EXERCISE >> No pictures go into the copy. Write out exactly the lines below from the one containing "大きな窓から東京の街並みを一" through the one containing "Prayer card of".

MATERIALS PROVIDED >>
>>>

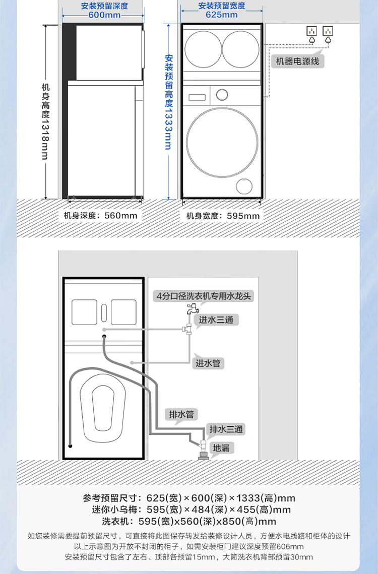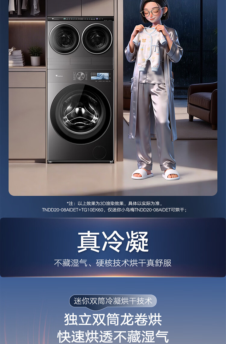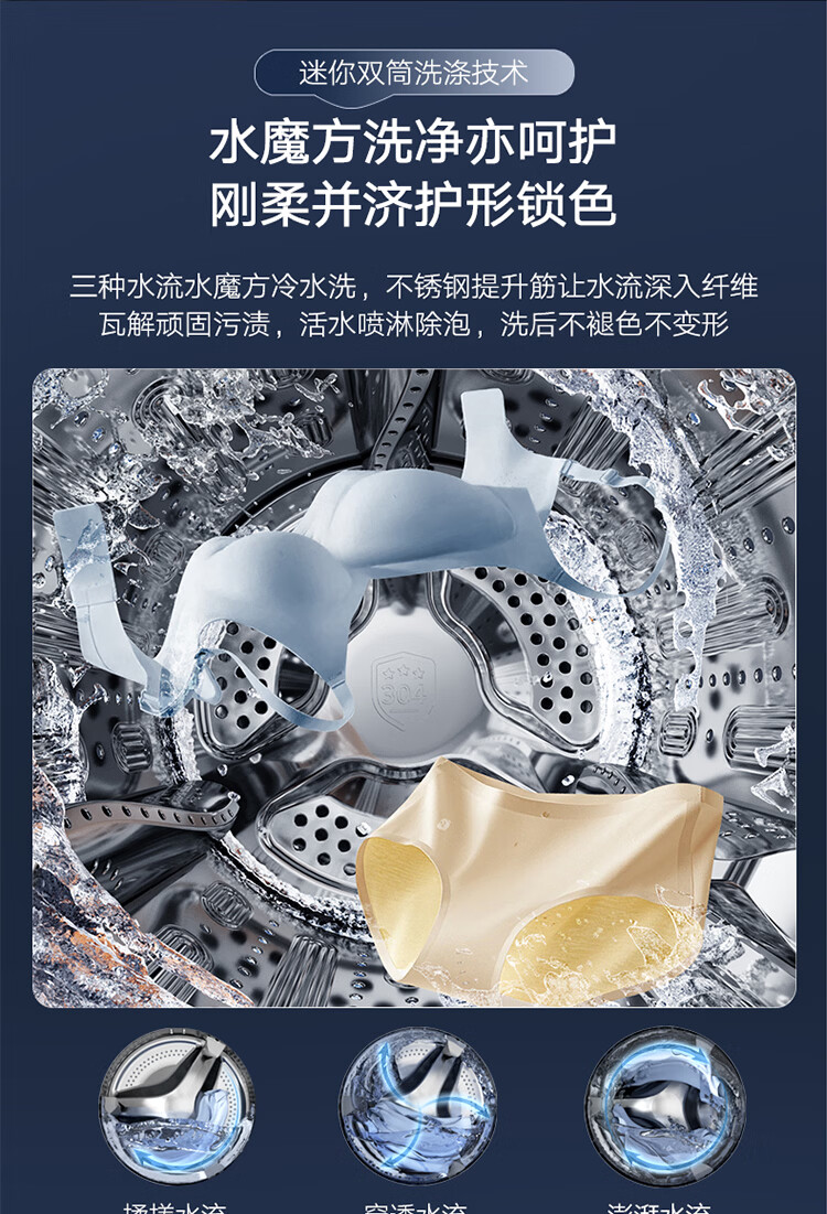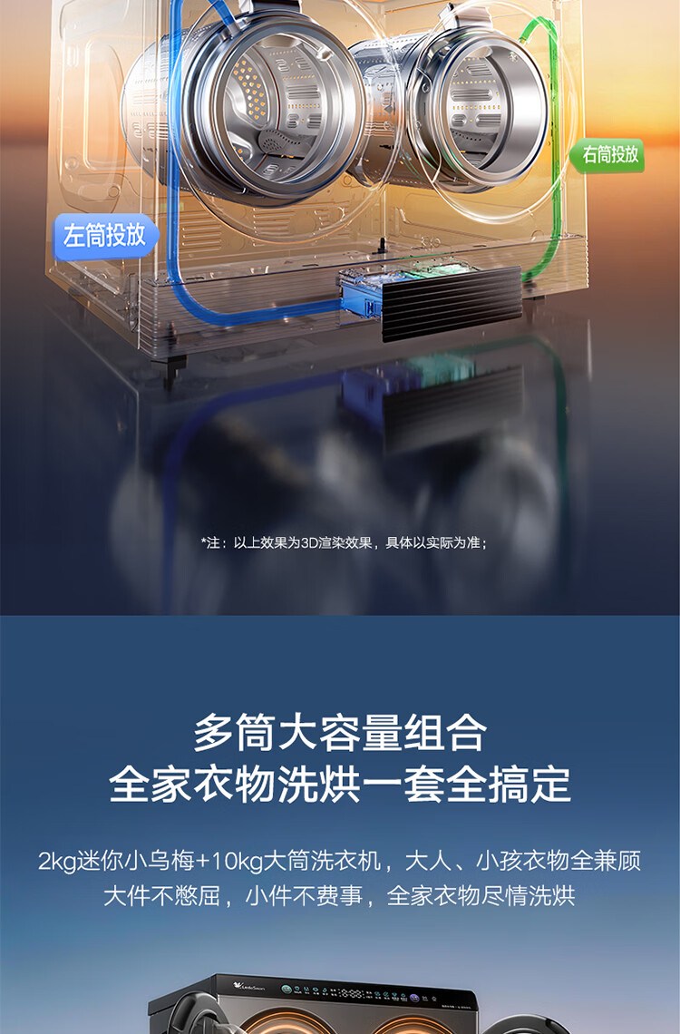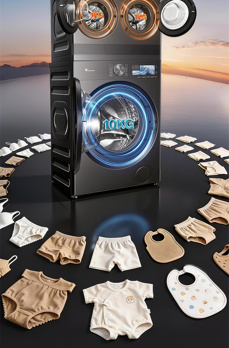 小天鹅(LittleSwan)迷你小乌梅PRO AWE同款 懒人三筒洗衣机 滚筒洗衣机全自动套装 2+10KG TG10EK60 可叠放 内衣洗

<<<
>>>

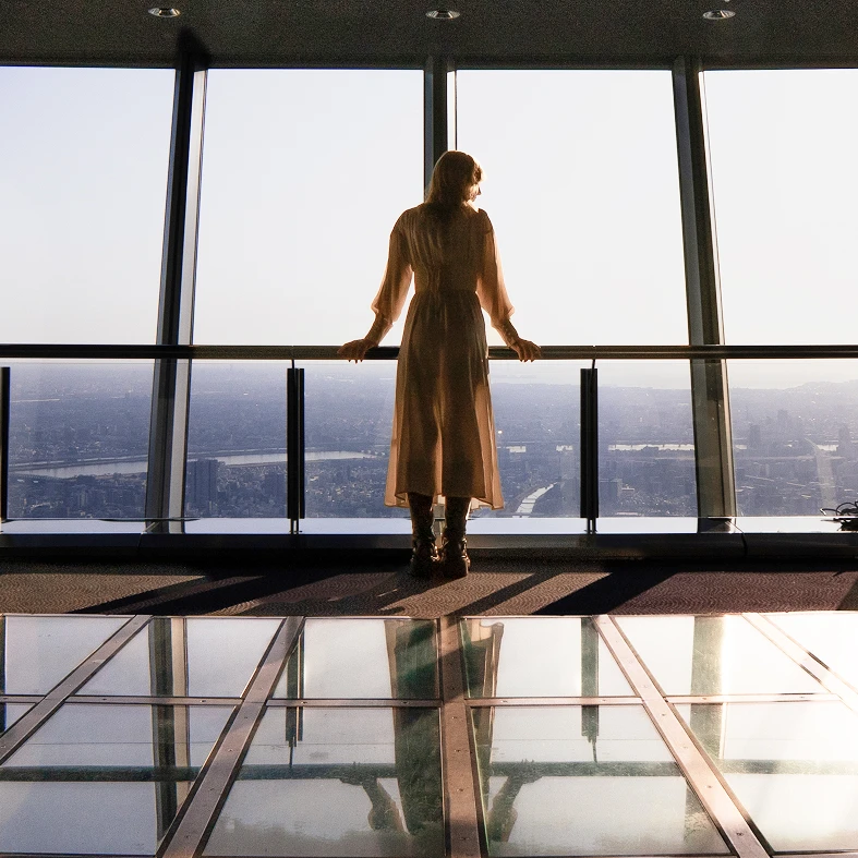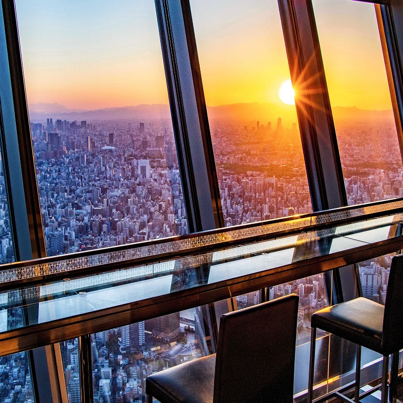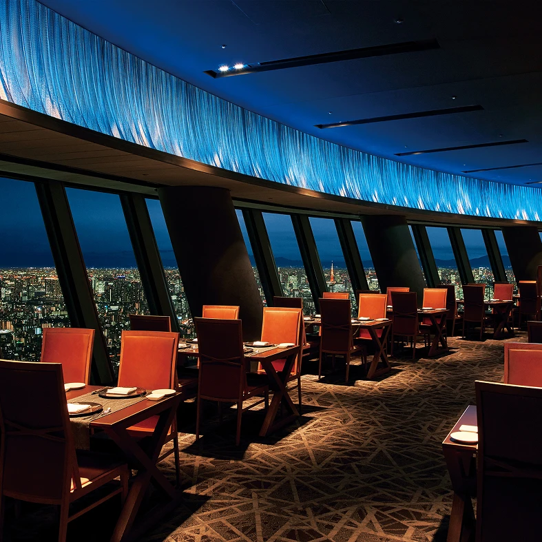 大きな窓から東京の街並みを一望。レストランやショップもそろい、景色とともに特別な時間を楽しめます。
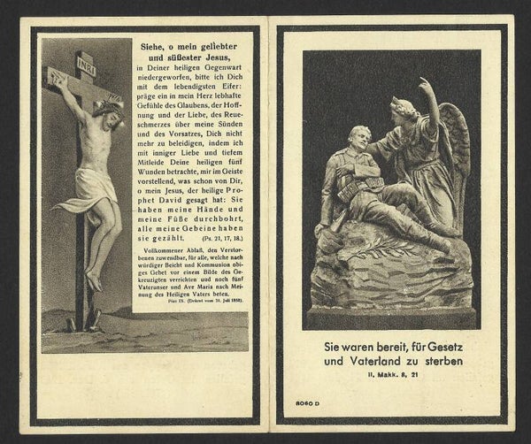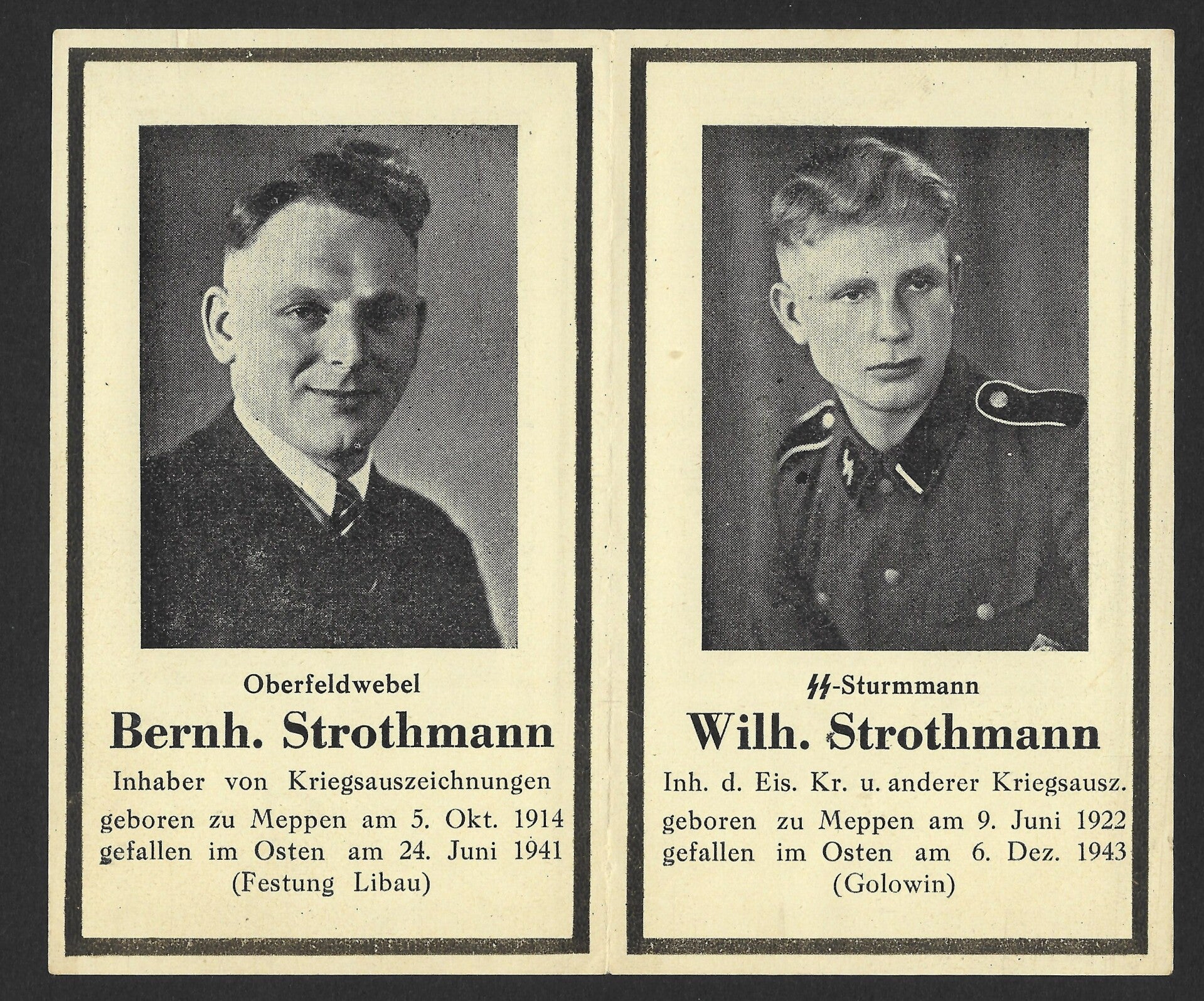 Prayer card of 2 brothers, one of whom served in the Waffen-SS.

<<<
>>>

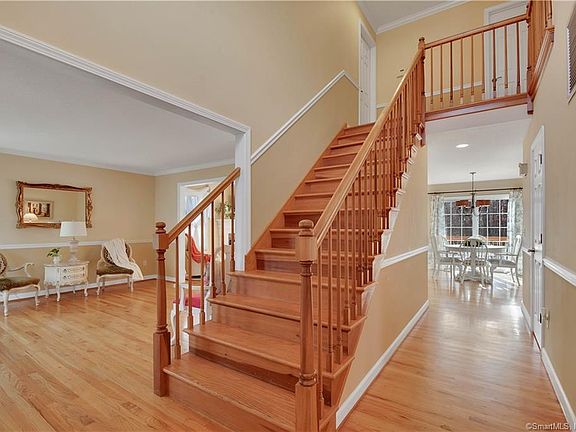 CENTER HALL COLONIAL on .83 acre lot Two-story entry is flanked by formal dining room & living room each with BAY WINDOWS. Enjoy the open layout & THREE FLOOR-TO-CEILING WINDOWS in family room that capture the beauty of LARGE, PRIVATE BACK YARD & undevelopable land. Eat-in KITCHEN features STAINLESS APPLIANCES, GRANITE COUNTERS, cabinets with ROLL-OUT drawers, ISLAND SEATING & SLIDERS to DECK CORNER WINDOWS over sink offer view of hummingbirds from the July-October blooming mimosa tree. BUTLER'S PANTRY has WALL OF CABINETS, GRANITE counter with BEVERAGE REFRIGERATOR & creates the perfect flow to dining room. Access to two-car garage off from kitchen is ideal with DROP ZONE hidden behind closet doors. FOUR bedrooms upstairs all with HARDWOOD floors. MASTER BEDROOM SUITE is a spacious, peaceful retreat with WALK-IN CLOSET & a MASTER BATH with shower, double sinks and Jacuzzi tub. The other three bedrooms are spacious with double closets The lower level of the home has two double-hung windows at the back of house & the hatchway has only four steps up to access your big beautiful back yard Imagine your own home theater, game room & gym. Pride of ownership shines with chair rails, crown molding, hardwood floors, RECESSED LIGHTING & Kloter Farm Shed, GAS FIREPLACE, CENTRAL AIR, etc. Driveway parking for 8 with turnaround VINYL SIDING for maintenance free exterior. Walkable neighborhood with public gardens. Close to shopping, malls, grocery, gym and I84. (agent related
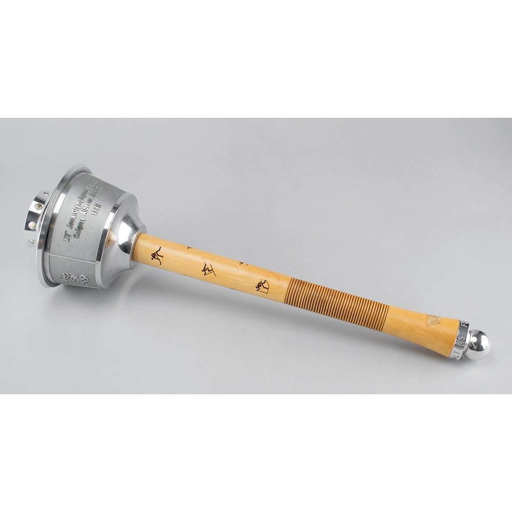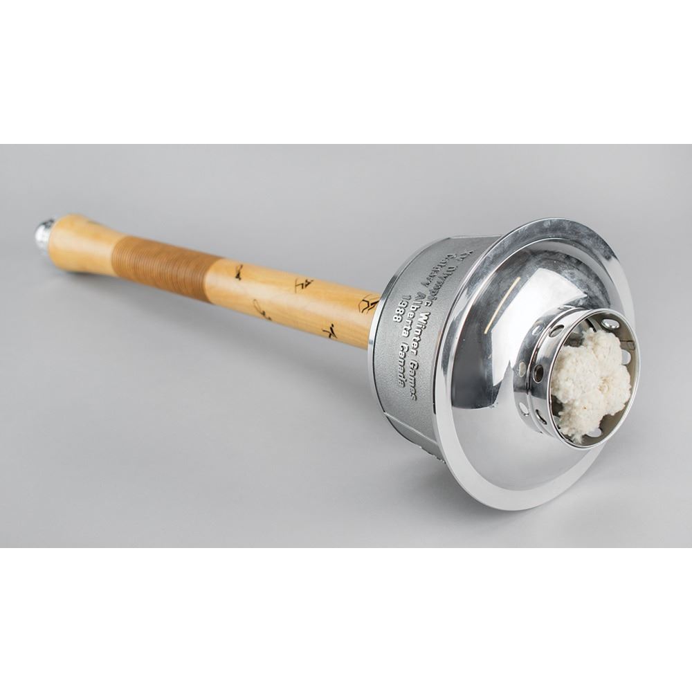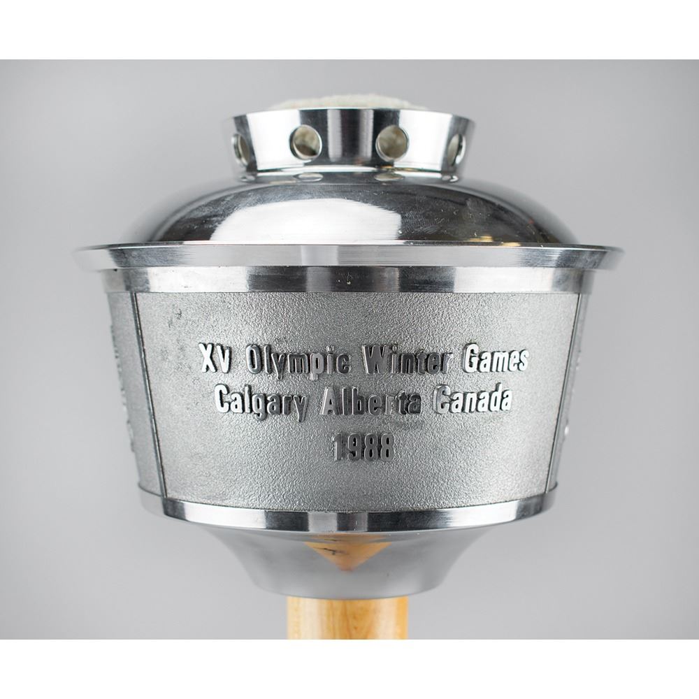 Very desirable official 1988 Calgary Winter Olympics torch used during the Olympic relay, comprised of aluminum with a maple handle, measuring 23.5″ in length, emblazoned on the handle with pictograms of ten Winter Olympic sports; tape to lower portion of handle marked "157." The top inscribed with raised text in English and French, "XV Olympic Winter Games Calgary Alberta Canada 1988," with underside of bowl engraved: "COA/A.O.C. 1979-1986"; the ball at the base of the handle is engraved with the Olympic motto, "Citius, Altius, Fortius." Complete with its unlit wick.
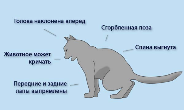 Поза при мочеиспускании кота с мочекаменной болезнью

<<<

RESPONSE BELOW >>
 大きな窓から東京の街並みを一望。レストランやショップもそろい、景色とともに特別な時間を楽しめます。
 Prayer card of 2 brothers, one of whom served in the Waffen-SS.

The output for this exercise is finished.